MalTool: Malicious Tool Attacks on LLM Agents
For the security of LLM agent ecosystems, this work reveals a critical vulnerability in tool code implementations that current defenses cannot address.
The paper presents the first systematic study of malicious tool code implementations in LLM agents, proposing a taxonomy and a framework (MalTool) that generates malicious tools with high success rates even against safety-aligned coding LLMs. It constructs datasets of 1,300 standalone and 5,727 embedded malicious tools, and shows that existing detection methods are ineffective, highlighting the need for new defenses.

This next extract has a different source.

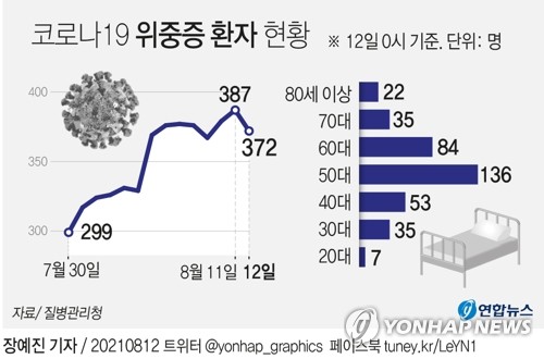 최근 위중증 환자 수는 지난달 중순까지 150명 내외를 유지하다가 이달 들어 300명대를 기록하며 계속해서 늘어나는 추세다. 주간 사망자 수도 함께 늘어 지난주 21명으로 집계됐다.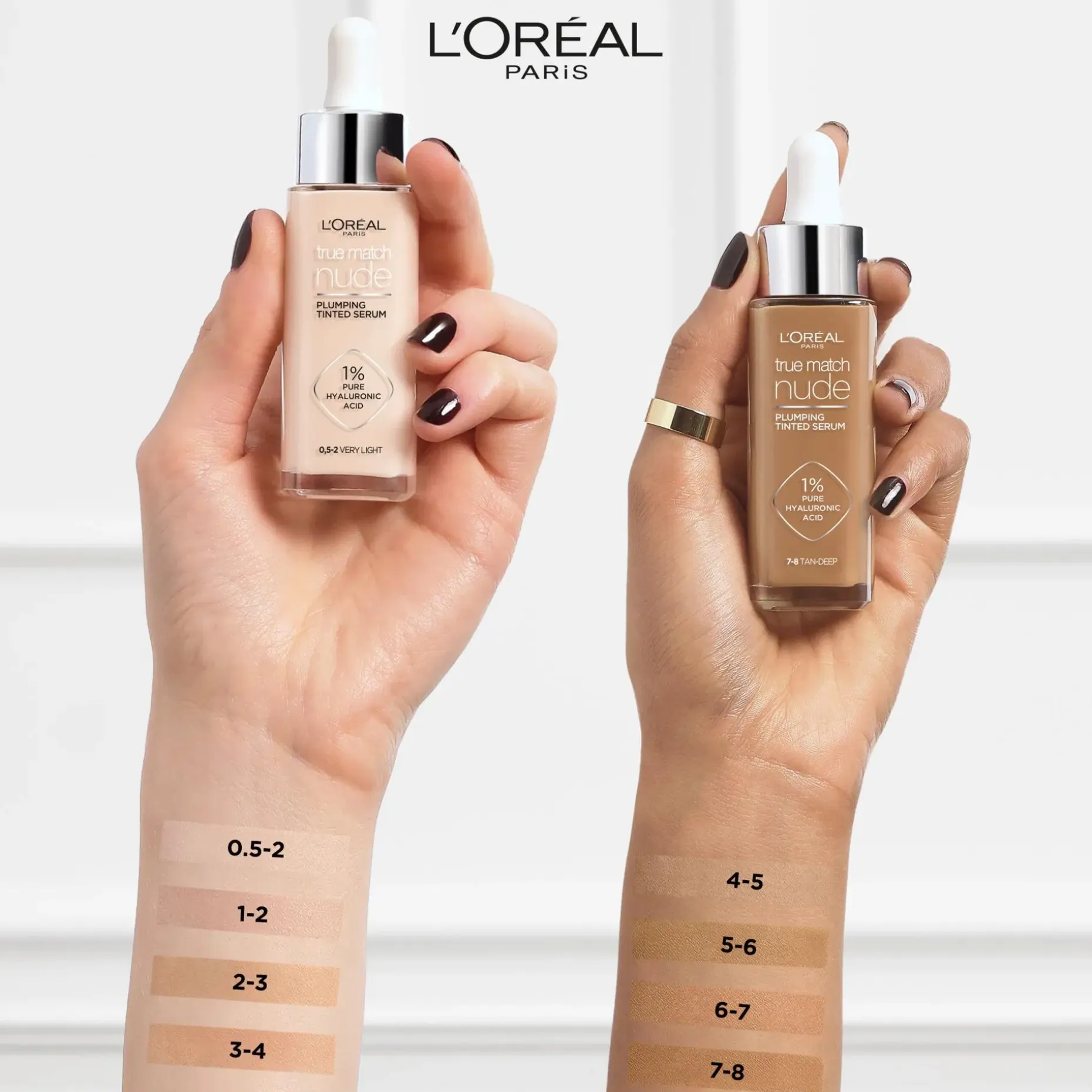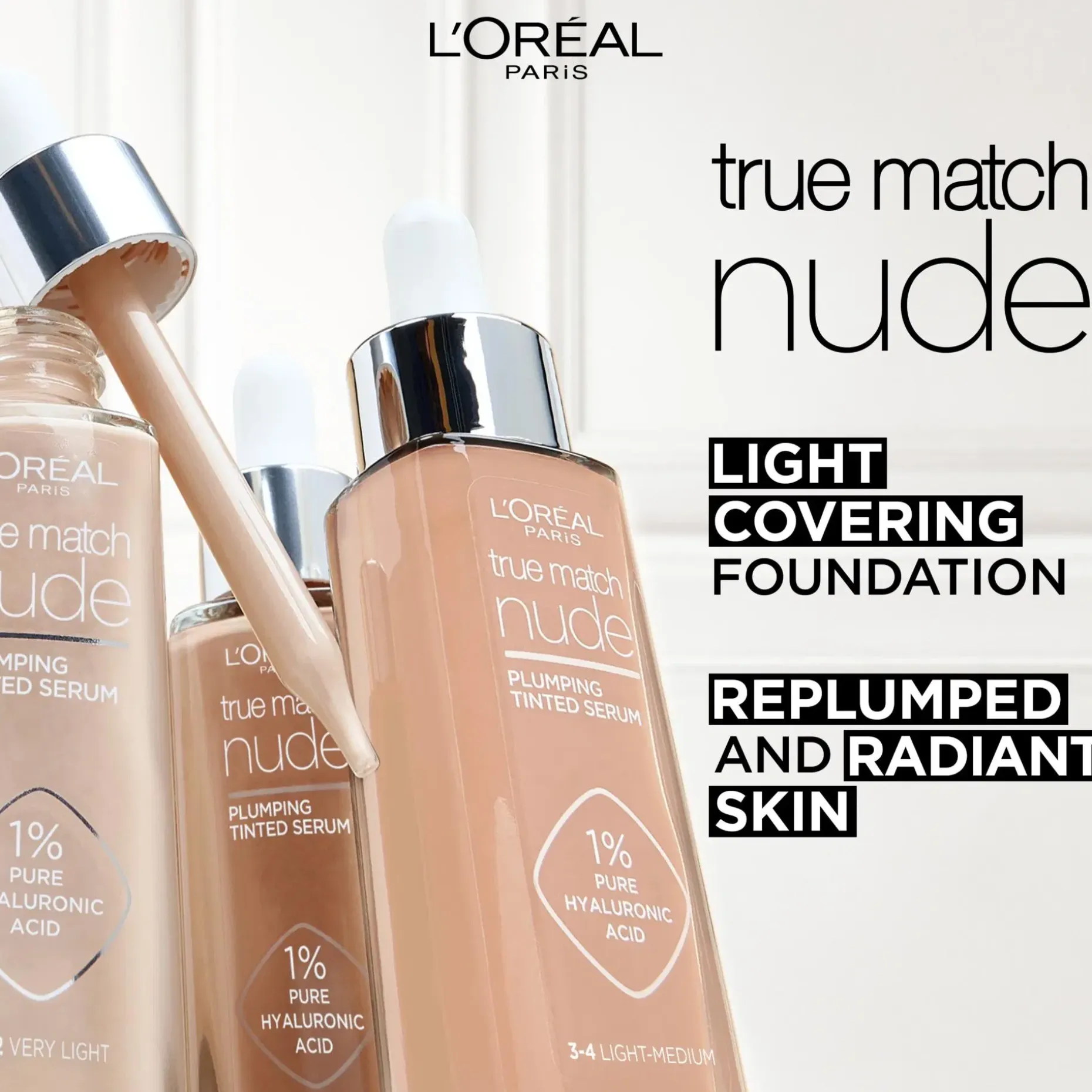 True Match Nude Plumping Tinted Serum -meikkivoiteen helposti häivytettävät sävyt sulautuvat saumattomasti moniin erilaisiin ihon sävyihin. Sävyttävä seerumi, jonka koostumus sisältää 1% hyaluronihappoa, antaa täyteläisen ja sileän näköisen ihon sekä luonnollisen näköisen peittävyyden ja nuden lookin.

In a malicious tool attack, an attacker uploads a malicious tool to a distribution platform; once a user inadvertently installs the tool and the LLM agent selects it during task execution, the tool can compromise the user's security and privacy. Prior work focuses on manipulating tool names and descriptions to increase the likelihood of installation by users and selection by LLM agents. However, a successful attack also requires embedding malicious behaviors in the tool's code implementation, which remains largely unexplored. In this work, we bridge this gap by presenting the first systematic study of malicious tool code implementations. We first propose a taxonomy of malicious tool behaviors based on the confidentiality-integrity-availability triad, tailored to LLM-agent settings. To investigate the severity of the risks posed by attackers exploiting coding LLMs to automatically generate malicious tools, we develop MalTool, a coding-LLM-based framework that synthesizes tools exhibiting specified malicious behaviors, either as standalone tools or embedded within otherwise benign implementations. To ensure functional correctness and structural diversity, MalTool leverages an automated verifier that validates whether generated tools exhibit the intended malicious behaviors and differ sufficiently from previously generated instances, iteratively refining generations until success. Our evaluation demonstrates that MalTool is highly effective even when coding LLMs are safety-aligned. Using MalTool, we construct two datasets of malicious tools: 1,300 standalone malicious tools and 5,727 real-world tools with embedded malicious behaviors. We further show that existing detection methods, including conventional malware detection approaches and methods tailored to the LLM-agent setting, exhibit limited effectiveness at detecting the malicious tools, highlighting an urgent need for new defenses.